**Input for this task**
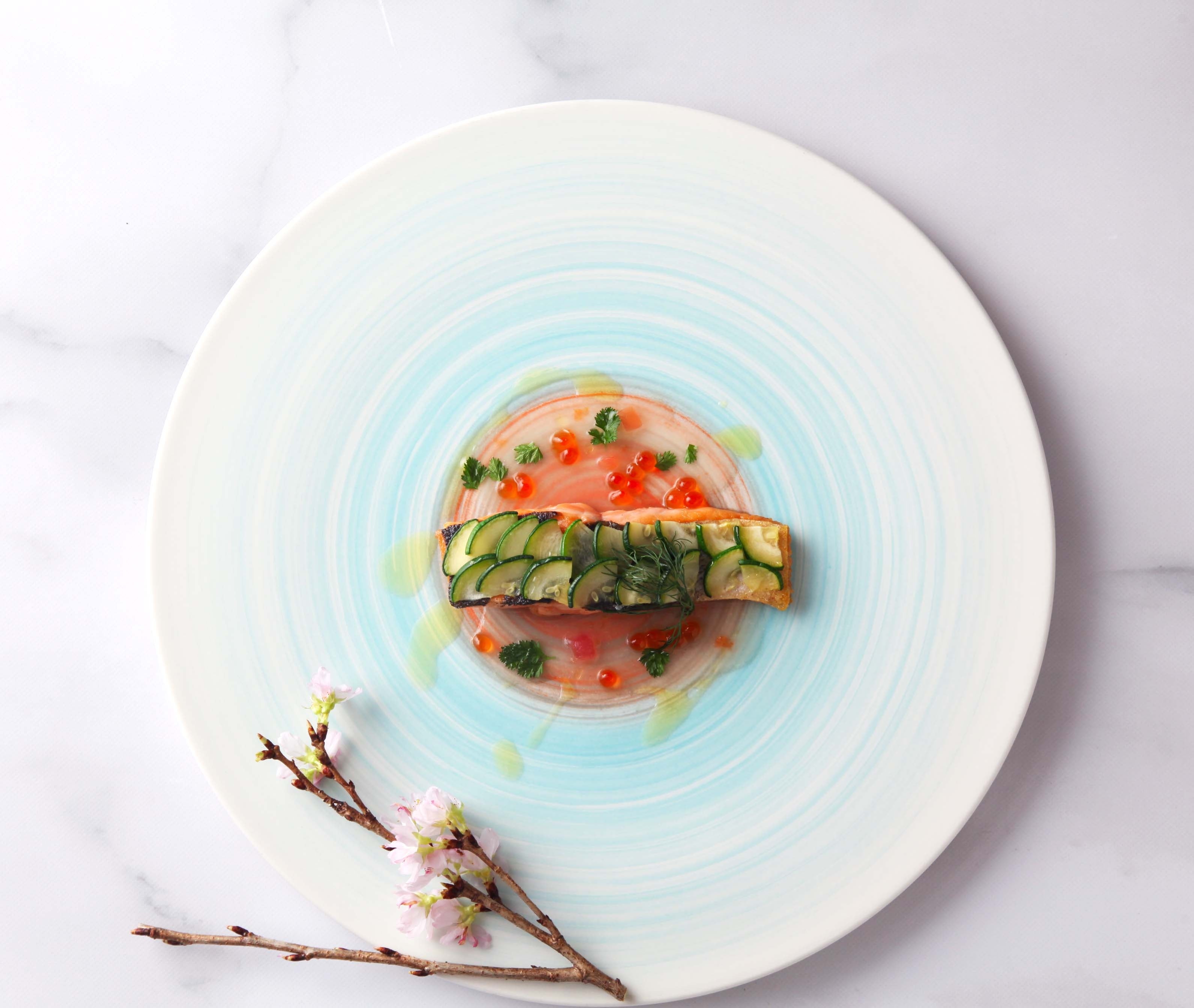 - 淡路島産サクラマスと阿波野菜のソテー、うろこ仕立て
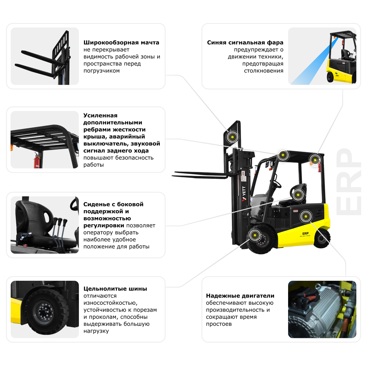 Электрический погрузчик YETT ERP20 li-ion ZSM550-SS оборудован необслуживаемыми двигателями мощностью 7700 Вт (подъема) и 7500 Вт (движения). Электродвигатели не вырабатывают выхлопные газы, что позволяет использовать технику в закрытых помещениях неограниченное количество времени. Литий-ионная АКБ емкостью 350 Ач обеспечивает длительную автономную работу. Высота подъема вил составляет 5.5 м, грузоподъемность — 2000 кг.
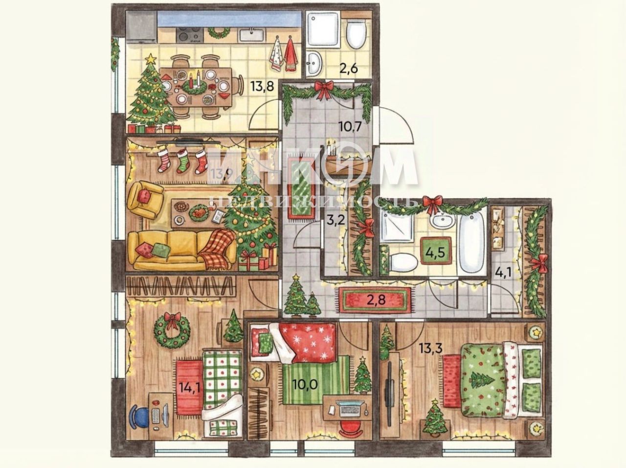 Квартира: 4-х к квартира 92 м для Семьи с детьми в малоэтажной секции ЖК ''Мякинино Парк''. Умная планировка для комфортной жизни семьи: Мастер-спальня с гардеробной и с/узлом для родителей, 2 спальни для детей(14м и 10м), гостиная 14 м, кухня-столовая 13.8м, гардеробная и с/узел. Планировка позволяет сделать просторную кухню-гостиную-тогда Вы получаете 30+ м2 общего семейного пространства или есть возможность сделать спальню или кабинет для работы.
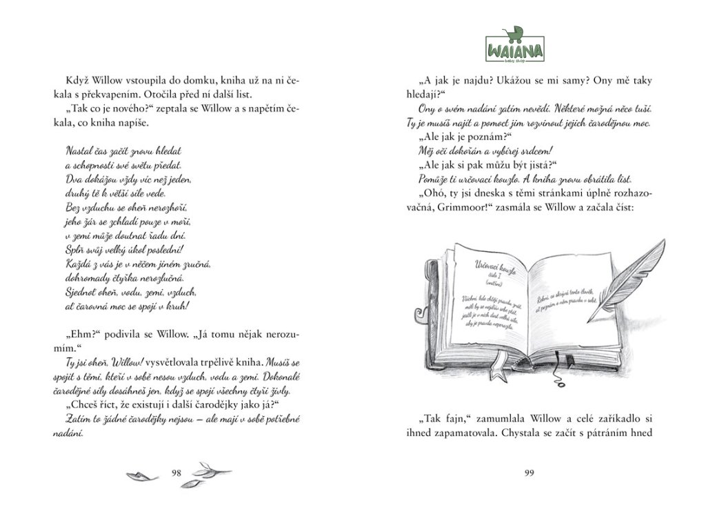 Dievča menom WillowMalá Willow sa jedného dňa dozvie, že jej teta zanechala zvláštne dedičstvo, svoju čarodejnú mocJedenásťročná Willow žije so svojím otcom. Po rokoch cestovania po celom svete sa vracajú na miesto, kde prežila prvé štyri roky života. Tam sa dozvie, že teta Alwina jej zanechala zvláštne dedičstvo – malý les so záhadným domčekom plným neobyčajných vecí. Zakrátko zistí, že Alwina nebola obyčajná teta. Bola to mocná čarodejnica, ktorá jej okrem tajuplného lesa odkázala niečo oveľa výnimočnejšie – svoju čarodejnú moc.Vydajte sa na dobrodružnú cestu plnú objavovania, hľadania spriaznených duší a záchrany lesa a jeho obyvateľovPo počiatočnom zdráhaní sa Willow rozhodne, že toto neobyčajné dedičstvo prijme, a jej život sa od základov zmení. Pomocou vševediacej čarodejníckej knihy a verného zvieracieho sprievodcu lišiaka Rufusa krok za krokom preniká do tajov mágie a sveta kúziel.Čaká ju však náročná úloha. Musí nájsť ďalšie tri dievčatá, ktoré majú podobný dar čarodejníctva a musí s nimi spojiť svoje magické schopnosti. Ak sa jej to nepodarí, jej čarovný les zmizne.Fantastický príbeh popretkávaný mágiou a kúzlami, ktorý učí, aké dôležité je ochraňovať prírodu a starať sa o ňu.
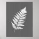 Fern Frond, White on Charcoal Gray / Grey Poster
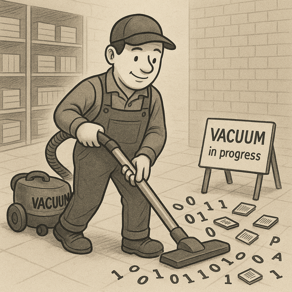 PostgreSQL introduced this officially in 1989. It kept databases lean and efficient — and the name VACUUM stayed ever since.
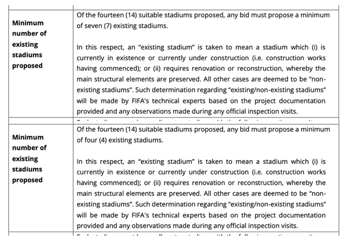 The 2030 and 2034 hosting requirements reduced the number of required existing stadiums from seven to four, favouring Saudi Arabia.
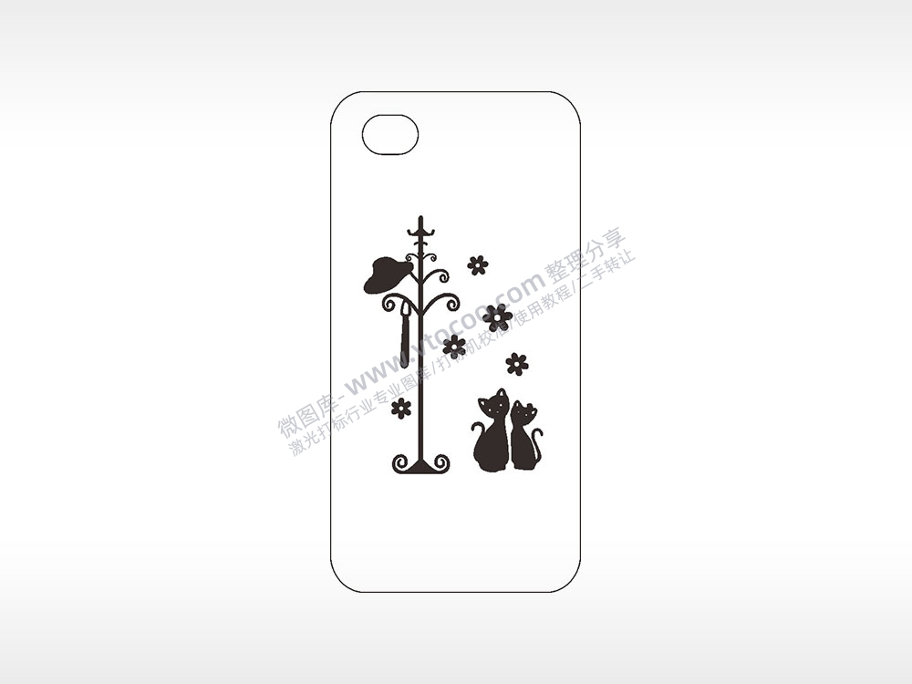 花朵猫咪路灯卡通手机壳AI8.0格式激光打标文件通用矢量图
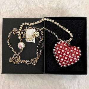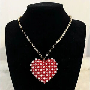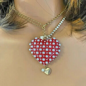 Betsey Johnson Faux Pearl & Pink Rhinestone Red Heart Necklace
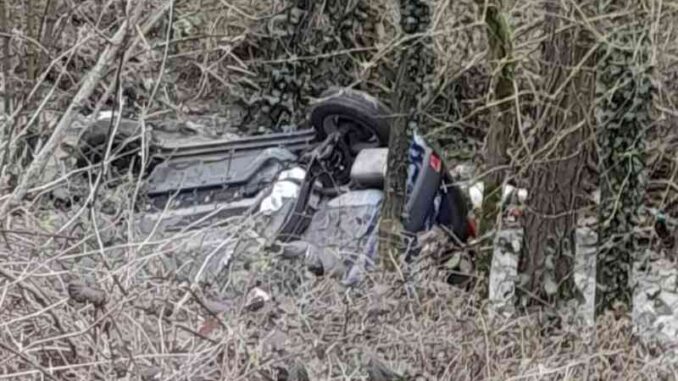 Dopo aver sbandato la vettura si è ribaltata lungo una breve scarpata a lato della carreggiata.
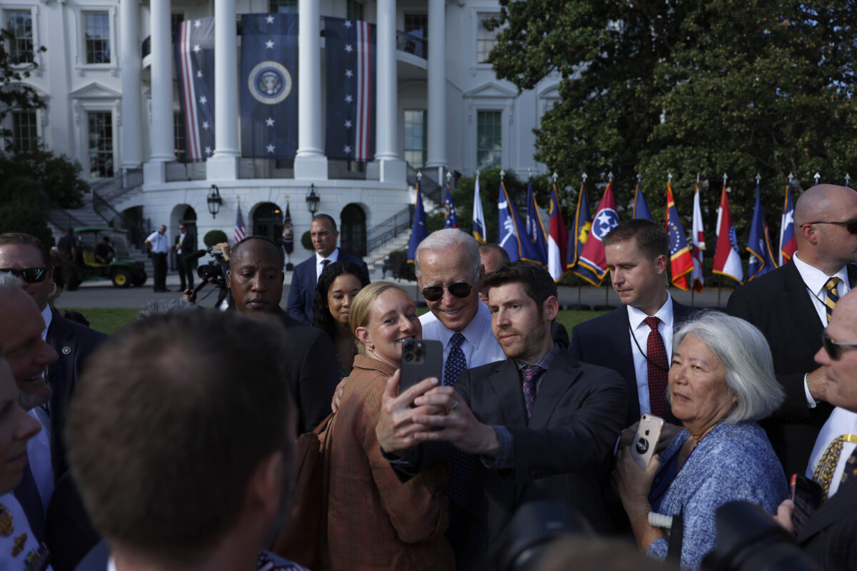 Le président Joe Biden avec des invités lors d’un événement célébrant l’adoption de la loi sur la réduction de l’inflation sur la pelouse sud de la Maison Blanche à Washington, le 13 septembre 2022. (Anna Moneymaker/Getty Images)
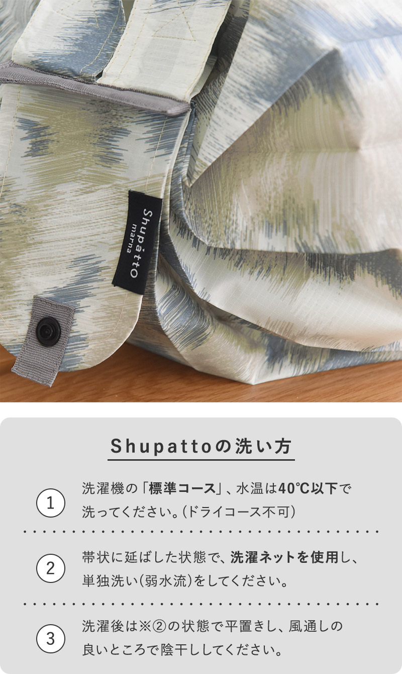 バッグとして使える強度と、たたんだ時のコンパクトさを両立した素材です。お手入れは洗濯機で丸洗いもOK。気軽に洗って清潔に保てるから、食品を入れるのにも安心です。
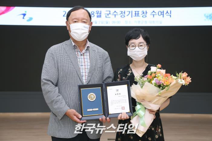 [가평뉴스타임=이명수기자] 2일 가평군 김성기 군수는 8월 정기표창 수여식에서 경기도지사 표창에 가평군청소년문화의집 최은진 청소년지도사를 표창 전수ㅘㅇ렸다.
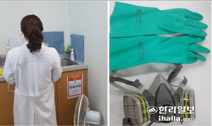 제주시 보건소 작업환경 측정(왼쪽)과 개선(오른쪽) 장면. 사진=제주시
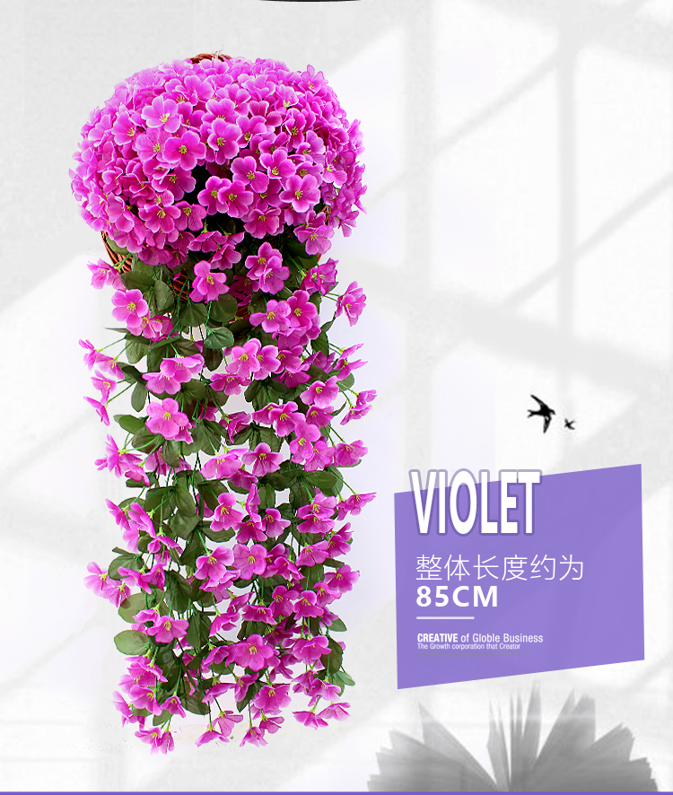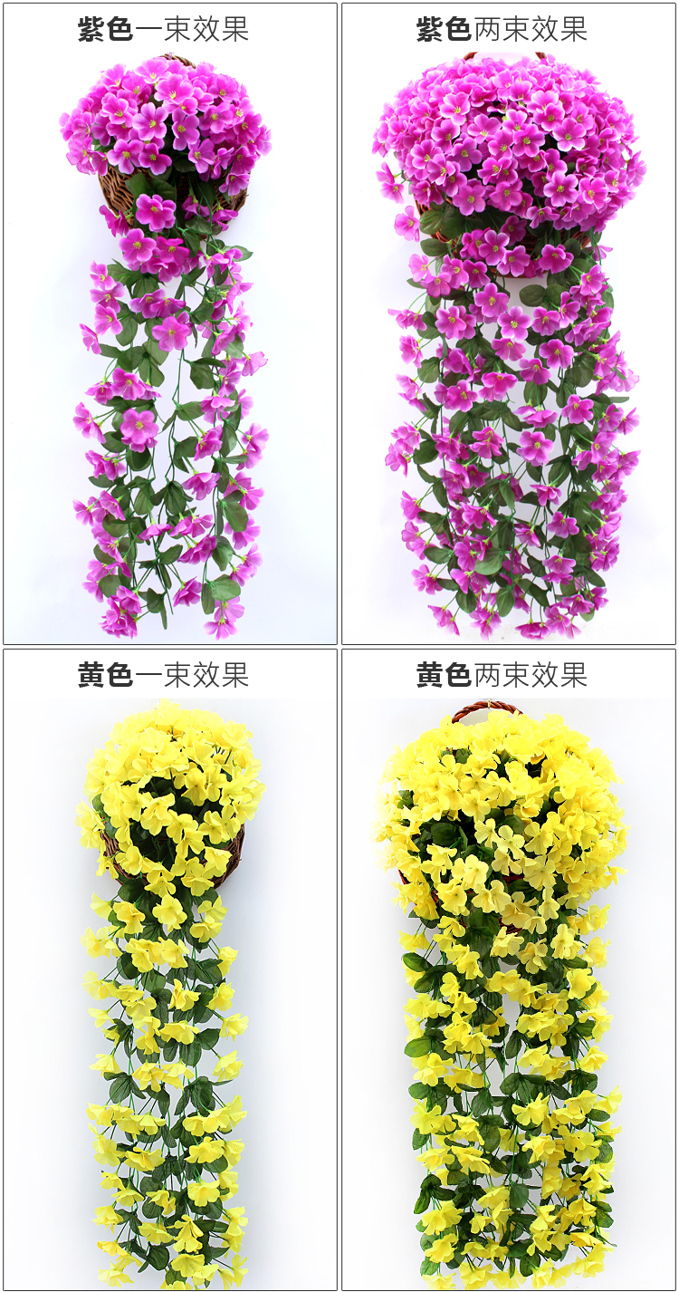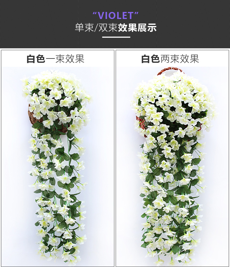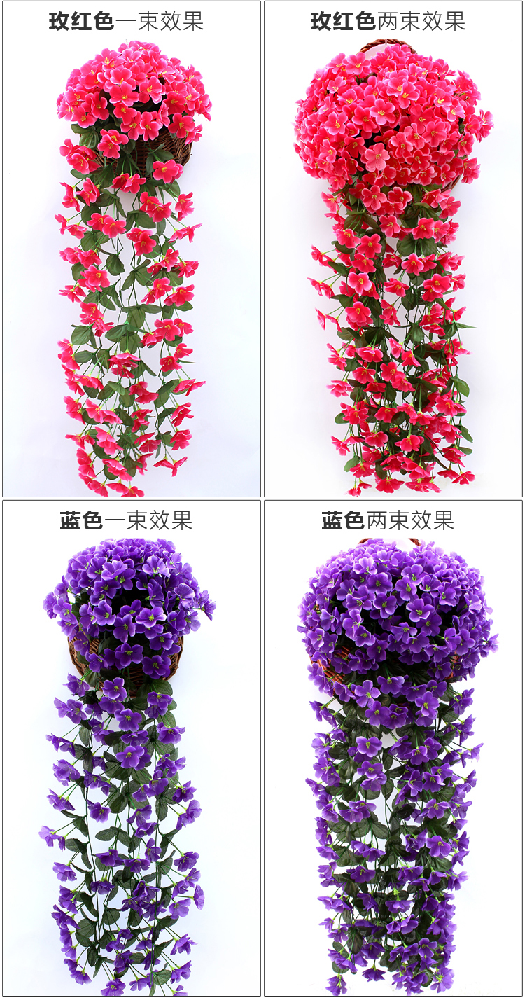 仿真紫罗兰壁挂吊兰花大绣球假花塑料花绢花花藤藤条阳台婚庆装饰
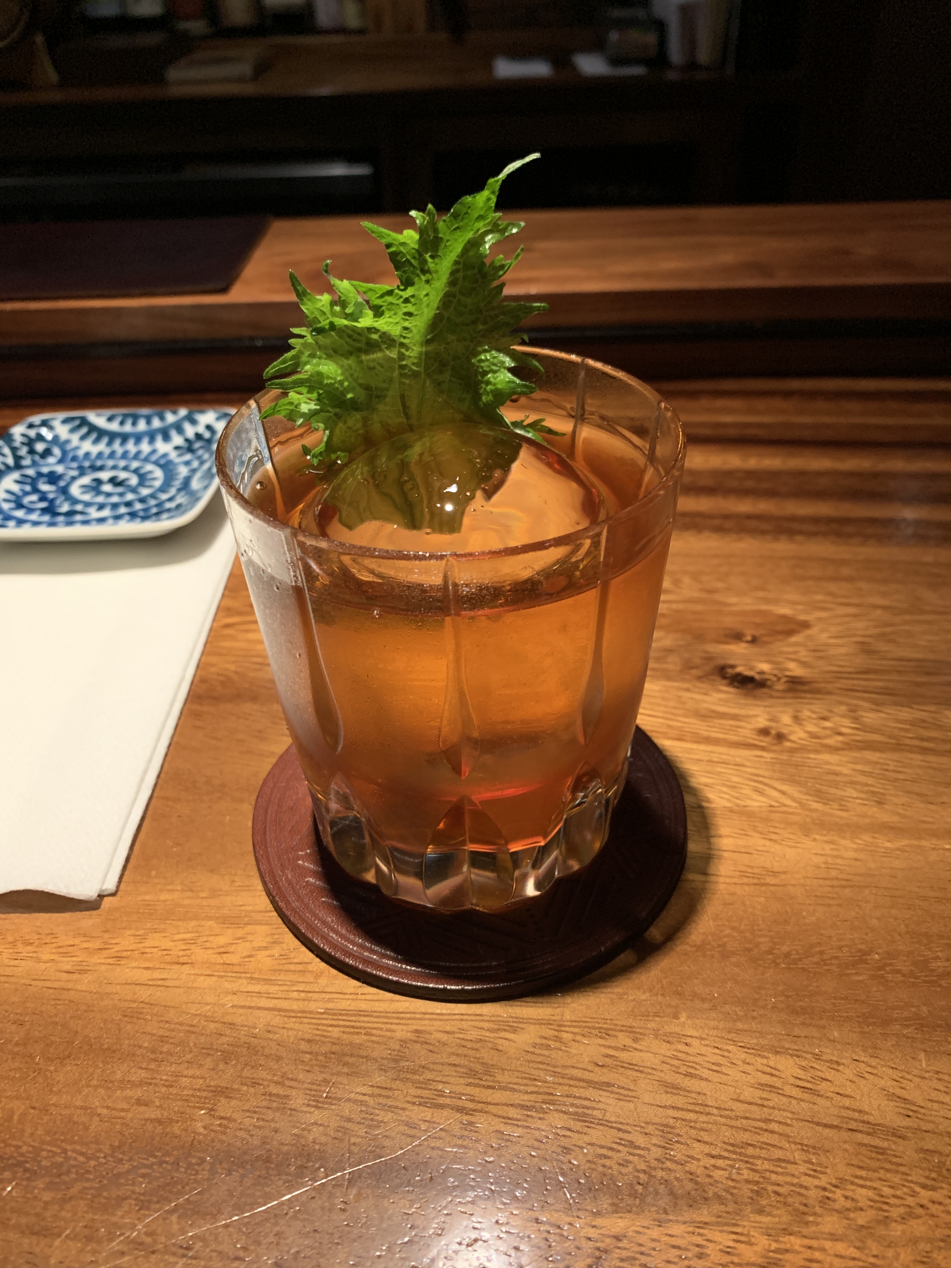 IMG_6121 Published April 25, 2019 at 3024 × 4032 in Bar Leather Apron Imperial Old Fashioned: Suntory Toki, Hakushu 12 year, Wasanbon Sugar, Angostura Bitters, Lilikoi, Shiso Essence
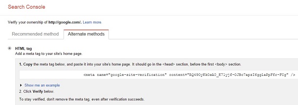 - دومین روش تصدیق گوگل جهت افزودن سایت به گوگل وبمستر تولز استفاده از یک تگ html است. ابتدا می بایست این تگ html را کپی و سپس در قسمت head صفحه اصلی وب سایت خود قرار داده، پس از آن دکمه verify را کلیک نمایید. در شکل زیر این تگ html نمایش داده شده است:
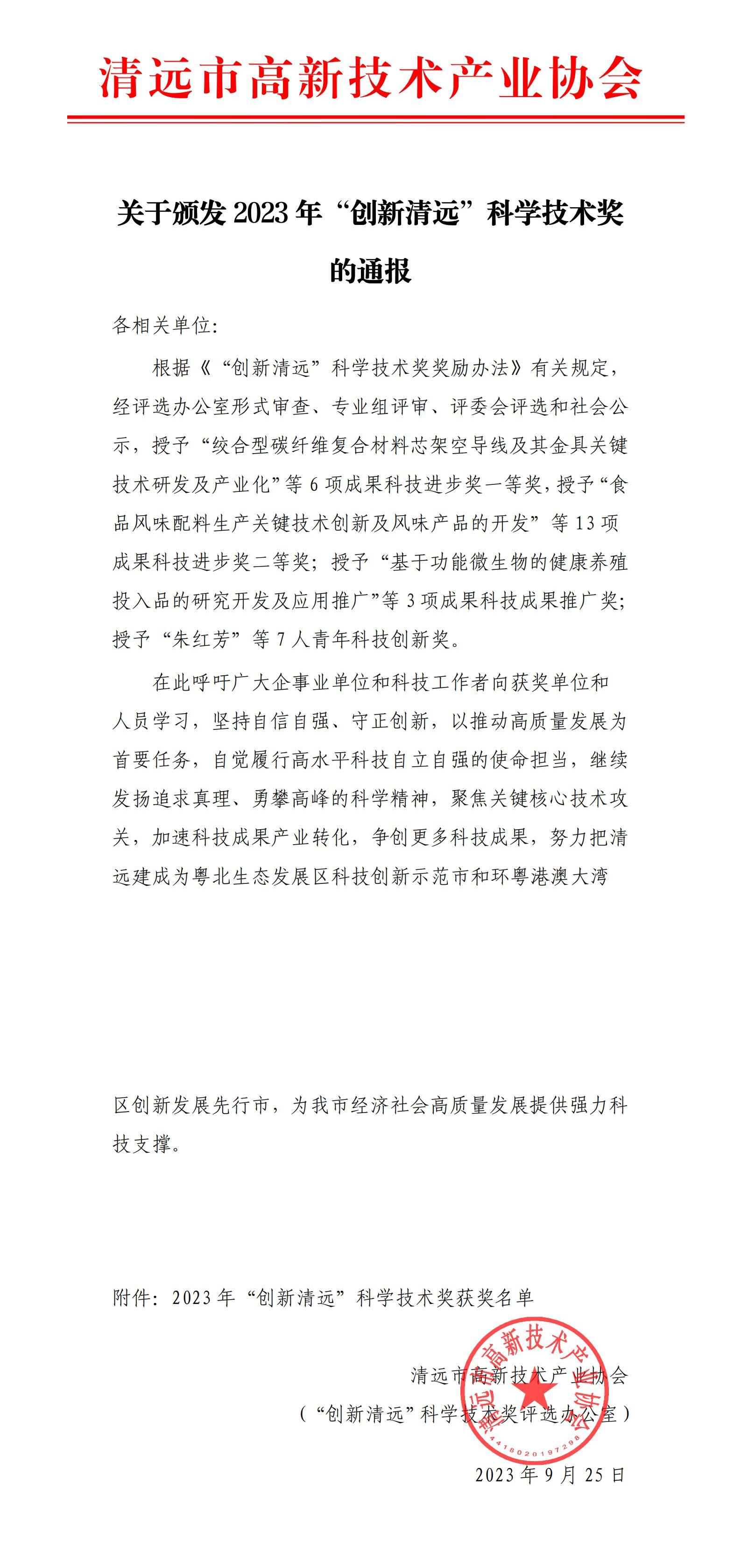 關于頒發2023年“創新清遠”科學技術獎的通報_.pdf

**Your objective**
When you reach the line with "Dopo aver sbandato" in the records above, begin repeating the lines exactly, and stop after the line with "仿真紫罗兰壁挂吊兰花大绣球假花塑料花绢花花藤藤条阳台婚庆装饰". Skip all pictures.

**Solution for this task**
 Dopo aver sbandato la vettura si è ribaltata lungo una breve scarpata a lato della carreggiata.
 Le président Joe Biden avec des invités lors d’un événement célébrant l’adoption de la loi sur la réduction de l’inflation sur la pelouse sud de la Maison Blanche à Washington, le 13 septembre 2022. (Anna Moneymaker/Getty Images)
 バッグとして使える強度と、たたんだ時のコンパクトさを両立した素材です。お手入れは洗濯機で丸洗いもOK。気軽に洗って清潔に保てるから、食品を入れるのにも安心です。
 [가평뉴스타임=이명수기자] 2일 가평군 김성기 군수는 8월 정기표창 수여식에서 경기도지사 표창에 가평군청소년문화의집 최은진 청소년지도사를 표창 전수ㅘㅇ렸다.
 제주시 보건소 작업환경 측정(왼쪽)과 개선(오른쪽) 장면. 사진=제주시
 仿真紫罗兰壁挂吊兰花大绣球假花塑料花绢花花藤藤条阳台婚庆装饰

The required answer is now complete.